Recall: how RLS enforces tenant isolation.
the bridge + the functions + the gotchas, then reveal
Bridge: resource_path from the JWT → setPostgres BeforeAcquire (pool_gcp.go:63,161) runs set_config('permission.resource_path'/'permission.user_group'/'app.user_id', …) per connection acquire (refuses on mismatch — solves the pooler gotcha). Functions: permission_check(rp,t) = rp = current_setting('permission.resource_path') (tenant test); autofillresourcepath() = DEFAULT for resource_path cols (auto-stamp on insert). Policy: CREATE POLICY rls_<t> USING (permission_check(...)) WITH CHECK (permission_check(...)) — USING filters reads, WITH CHECK filters writes — plus ENABLE + FORCE ROW LEVEL SECURITY (binds the owner too — the #1 RLS footgun). resource_path is never from the request; RLS makes that unbreakable.
🎯 Interview one-liner "How do you guarantee tenant isolation?" → "Postgres row-level security. A pool hook stamps the tenant from the verified JWT onto each connection as a session variable; every table's policy checks the row's resource_path against it via permission_check. We FORCE RLS so even the table owner is bound, and default the column from the session so inserts auto-stamp. The tenant is never client-supplied — so it can't be coded around."

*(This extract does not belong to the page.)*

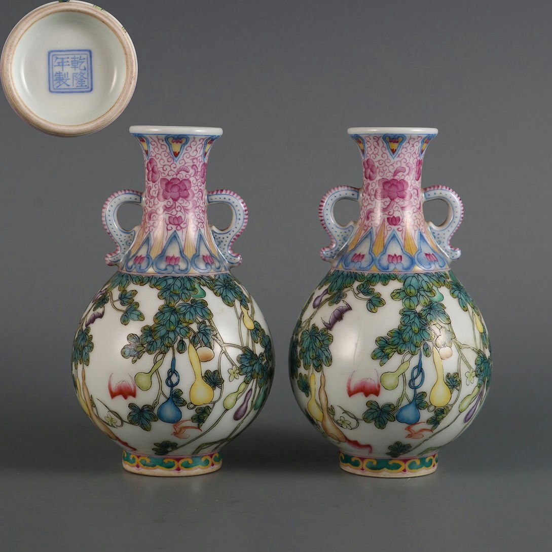 - ▼渡鶴羽▼K6374清乾隆年製 琺瑯彩福禄紋双耳瓶一対・古陶磁器 ・珍品旧蔵・古賞物・時代物

Next: RLS does more than tenant — some tables also check your granular permission on the row's location, mirroring Lesson 8 in the database. That's where app.user_id earns its keep. Ask me about the pooler or owner gotchas if they're new.

1. Postgres RLS. In-repo: migrations/auth/1001_migrate.up.sql:1,14, migrations/bob/1182_migrate.up.sql:12-14.

2. Pooler + owner gotchas: AWS multi-tenant RLS. In-repo: internal/golibs/database/pool_gcp.go:63,161-206.